Re: [PATCH bpf-next 1/3] perf: enable branch record for software events
From: Peter Zijlstra
Date: Wed Aug 25 2021 - 08:10:30 EST
On Mon, Aug 23, 2021 at 11:01:55PM -0700, Song Liu wrote:
> arch/x86/events/intel/core.c | 5 ++++-
> arch/x86/events/intel/lbr.c | 12 ++++++++++++
> arch/x86/events/perf_event.h | 2 ++
> include/linux/perf_event.h | 33 +++++++++++++++++++++++++++++++++
> kernel/events/core.c | 28 ++++++++++++++++++++++++++++
> 5 files changed, 79 insertions(+), 1 deletion(-)
No PowerPC support :/
> +void intel_pmu_snapshot_branch_stack(void)
> +{
> + struct cpu_hw_events *cpuc = this_cpu_ptr(&cpu_hw_events);
> +
> + intel_pmu_lbr_disable_all();
> + intel_pmu_lbr_read();
> + memcpy(this_cpu_ptr(&perf_branch_snapshot_entries), cpuc->lbr_entries,
> + sizeof(struct perf_branch_entry) * x86_pmu.lbr_nr);
> + *this_cpu_ptr(&perf_branch_snapshot_size) = x86_pmu.lbr_nr;
> + intel_pmu_lbr_enable_all(false);
> +}
Still has the layering violation and issues vs PMI.
> +#ifdef CONFIG_HAVE_STATIC_CALL
> +DECLARE_STATIC_CALL(perf_snapshot_branch_stack,
> + perf_default_snapshot_branch_stack);
> +#else
> +extern void (*perf_snapshot_branch_stack)(void);
> +#endif
That's weird, static call should work unconditionally, and fall back to
a regular function pointer exactly like you do here.

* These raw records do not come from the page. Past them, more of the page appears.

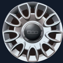
Jantes alliage 15" Original 50901665 - 749 €*
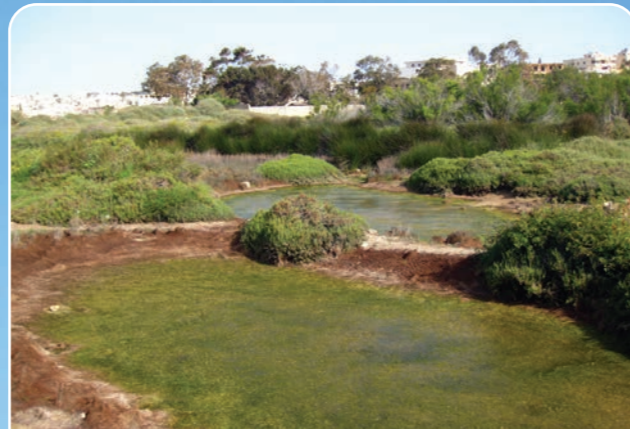
Il-Ballut ta' Marsaxlokk

Exploring Natura 2000 sites around Malta and Gozo is a beautiful experience, however as we have learned it is important to enjoy them responsibly. This is essential to ensure that the rare plants and animals, some of them endemic, are kept safe.
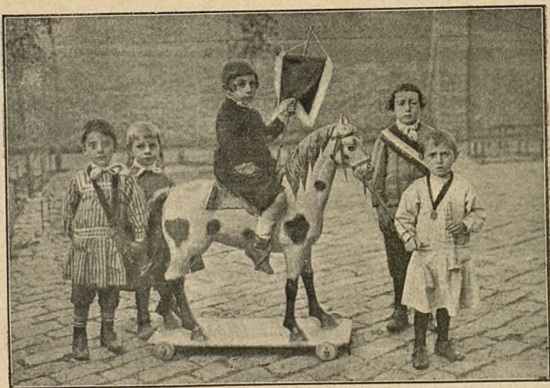
LOS MÁS ESTUDIOSOS DEL ASILO

Las Hermanas cuidan también del aseo de los niños, du-
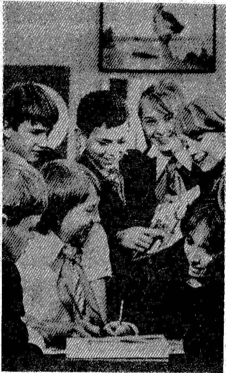
19 мая краснаягустая пионерия страны отметила день своего рождения. Настоящий праздник был и у рефтинских школьников. В этот день пополнилась пионерская дружина имени Вити Черевичкина; на торжественной линейке третьеклассникам повязали алые галстуки. Затем ребята стали участниками спортивного праздника «Веселые старты». А в пионерской дружине имени Н. Кузнецова школы № 17 проводилась спартакиада, соревнование велосипедистов «Волшебное колесо».
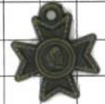
SD028片面 十字架コイン
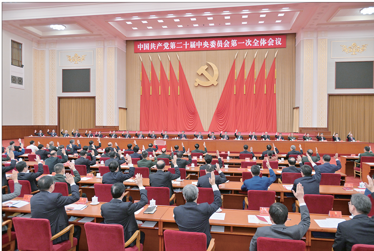
左图 10月23日,中国共产党第二十届中央委员会第一次全体会议在北京人民大会堂举行。习近平同志主持会议并在当选中共中央委员会总书记后作重要讲话。
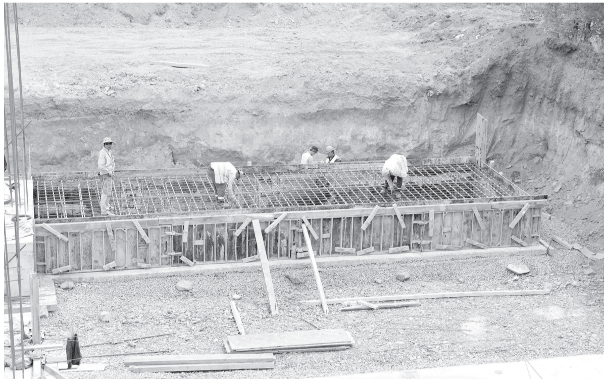
Ауыл шаруашылығы техникасы өтетін арнайы көпірдің құрылысы

– Жол бойында жүргеніме бес жыл. Әуелі жөндеу жұ-
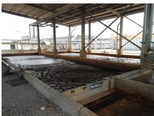
หน่วยบำบัดรวบรวมกากจุลินทรีย์ (Bio-Sludge Digester)
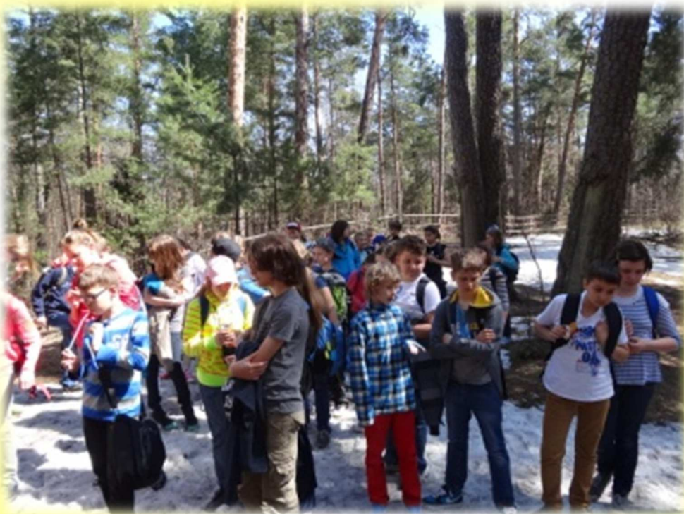
Śnieg pod nogami, błękit nieba nad nami
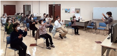
百歳体操を体験する参加者

女性部の島内・島立・新村・和田の4支部で11月17日、交流会を行いました。他支部の女性部員とも交流を深め、活動を知ることにより活発な女性部活動を行おうと実施。島内支部が毎週行っている「百歳体操」の体験やグループに分かれて、活動のようすなどを話しあい交流を深めました。参加者は「楽しく交流することができた。他の支部の活動を知ることが刺激になった」と話しました。
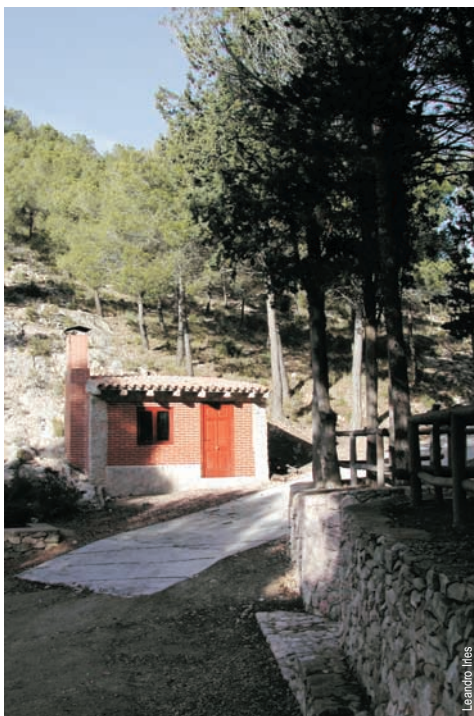
Área recreativa Font de Vivens, Jijona

entidad promotora: C. Excursionista de Jijona
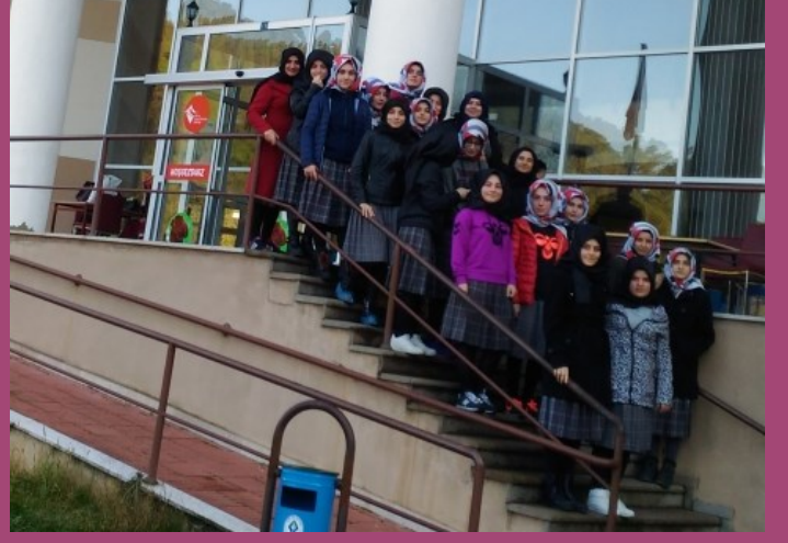
Öğrencilerimizin Fındıklı Huzurevi Ziyareti

Search for:
"Generic Implementation" in include/linux/static_call.h
> diff --git a/kernel/events/core.c b/kernel/events/core.c
> index 011cc5069b7ba..b42cc20451709 100644
> --- a/kernel/events/core.c
> +++ b/kernel/events/core.c
> +#ifdef CONFIG_HAVE_STATIC_CALL
> +DEFINE_STATIC_CALL(perf_snapshot_branch_stack,
> + perf_default_snapshot_branch_stack);
> +#else
> +void (*perf_snapshot_branch_stack)(void) = perf_default_snapshot_branch_stack;
> +#endif
Idem.
Something like:
DEFINE_STATIC_CALL_NULL(perf_snapshot_branch_stack, void (*)(void));
with usage like: static_call_cond(perf_snapshot_branch_stack)();
Should unconditionally work.
> +int perf_read_branch_snapshot(void *buf, size_t len)
> +{
> + int cnt;
> +
> + memcpy(buf, *this_cpu_ptr(&perf_branch_snapshot_entries),
> + min_t(u32, (u32)len,
> + sizeof(struct perf_branch_entry) * MAX_BRANCH_SNAPSHOT));
> + cnt = *this_cpu_ptr(&perf_branch_snapshot_size);
> +
> + return (cnt > 0) ? cnt : -EOPNOTSUPP;
> +}
Doesn't seem used at all..